With a 5-character hex prefix, each request maps to roughly 2^20 (~1 million) possible hashes. The server returns all matches for that bucket, and your application finds the exact match locally. An observer (including LeakJar itself) cannot determine which suffix you're looking for.

Step 1: Hash the password

Compute the SHA-1 hash of the password and convert it to uppercase hexadecimal. This should happen on your server, never in client-side code.

hash.tstypescript
import { createHash } from "crypto";

function sha1Hex(password: string): string {
  return createHash("sha1")
    .update(password, "utf8")
    .digest("hex")
    .toUpperCase();
}

Step 2: Extract the prefix

Take the first 5 characters of the hex-encoded hash. This is your range prefix.

prefix.tstypescript
const hash = sha1Hex("user-password");
const prefix = hash.slice(0, 5);   // e.g. "CBFDA"
const suffix = hash.slice(5);       // remaining 35 chars

Step 3: Query the range endpoint

Send the prefix to the LeakJar range API. The response contains every suffix in the breach dataset that shares the same prefix, along with the number of times each appeared.

query.tstypescript
const res = await fetch(
  `https://api.leakjar.com/api/demo/passwords/range/${prefix}`,
  {
    headers: {
      Authorization: `Bearer ${process.env.LEAKJAR_API_KEY}`,
    },
  }
);

const data = await res.json();
// data.suffixes: Array<{ suffix: string; count: number }>

Step 4: Compare locally

Search the returned suffixes for a match against your remaining hash characters.
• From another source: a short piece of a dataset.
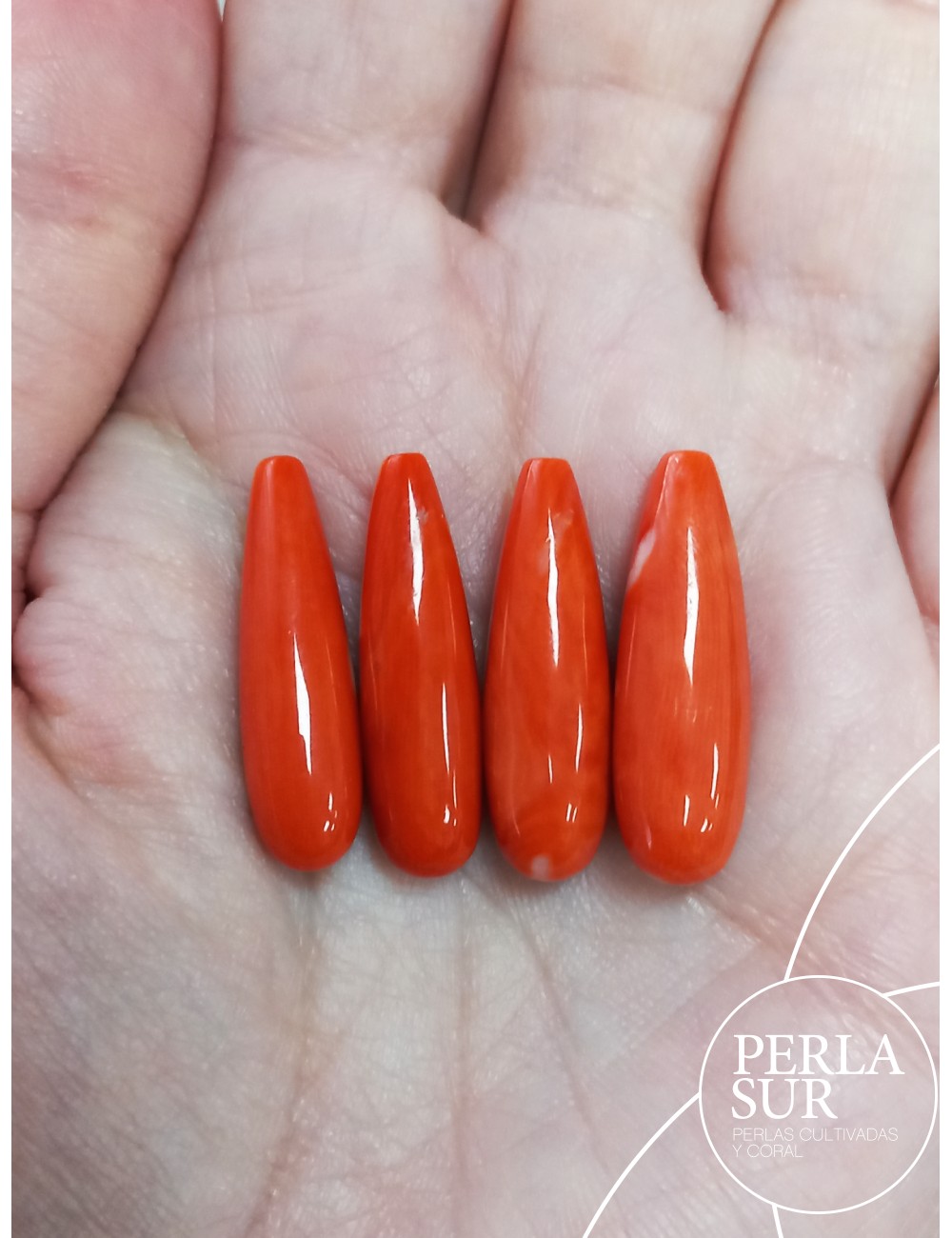 782521203-Pair 8x25mm 1/2drilled drops Japanese Coral

If found, the password has been exposed; the count tells you how many times.

compare.tstypescript
interface SuffixEntry {
  suffix: string;
  count: number;
}

function checkBreach(
  suffix: string,
  suffixes: SuffixEntry[]
): { breached: boolean; count: number } {
  const match = suffixes.find(
    (s) => s.suffix === suffix
  );
  return match
    ? { breached: true, count: match.count }
    : { breached: false, count: 0 };
}

// Usage
const result = checkBreach(suffix, data.suffixes);
if (result.breached) {
  console.log(`Password seen ${result.count} times in breaches.`);
}

Complete flow

Here is the entire check as a single function you can drop into a registration or password-reset handler:

check-password.tstypescript
import { createHash } from "crypto";

interface BreachResult {
  breached: boolean;
  count: number;
}

export async function checkPassword(
  password: string
): Promise<BreachResult> {
  const hash = createHash("sha1")
    .update(password, "utf8")
    .digest("hex")
    .toUpperCase();

  const prefix = hash.slice(0, 5);
  const suffix = hash.slice(5);

  const res = await fetch(
    `https://api.leakjar.com/api/demo/passwords/range/${prefix}`,
    {
      headers: {
        Authorization: `Bearer ${process.env.LEAKJAR_API_KEY}`,
      },
    }
  );

  if (!res.ok) {
    throw new Error(`LeakJar API error: ${res.status}`);
  }

  const data = await res.json();
  const match = data.suffixes.find(
    (s: { suffix: string }) => s.suffix === suffix
  );

  return match
    ? { breached: true, count: match.count }
    : { breached: false, count: 0 };
}
Note: This is a mock endpoint for demonstration purposes. In the demo environment, the API returns synthetic breach data. Production endpoints operate against real-world breach datasets.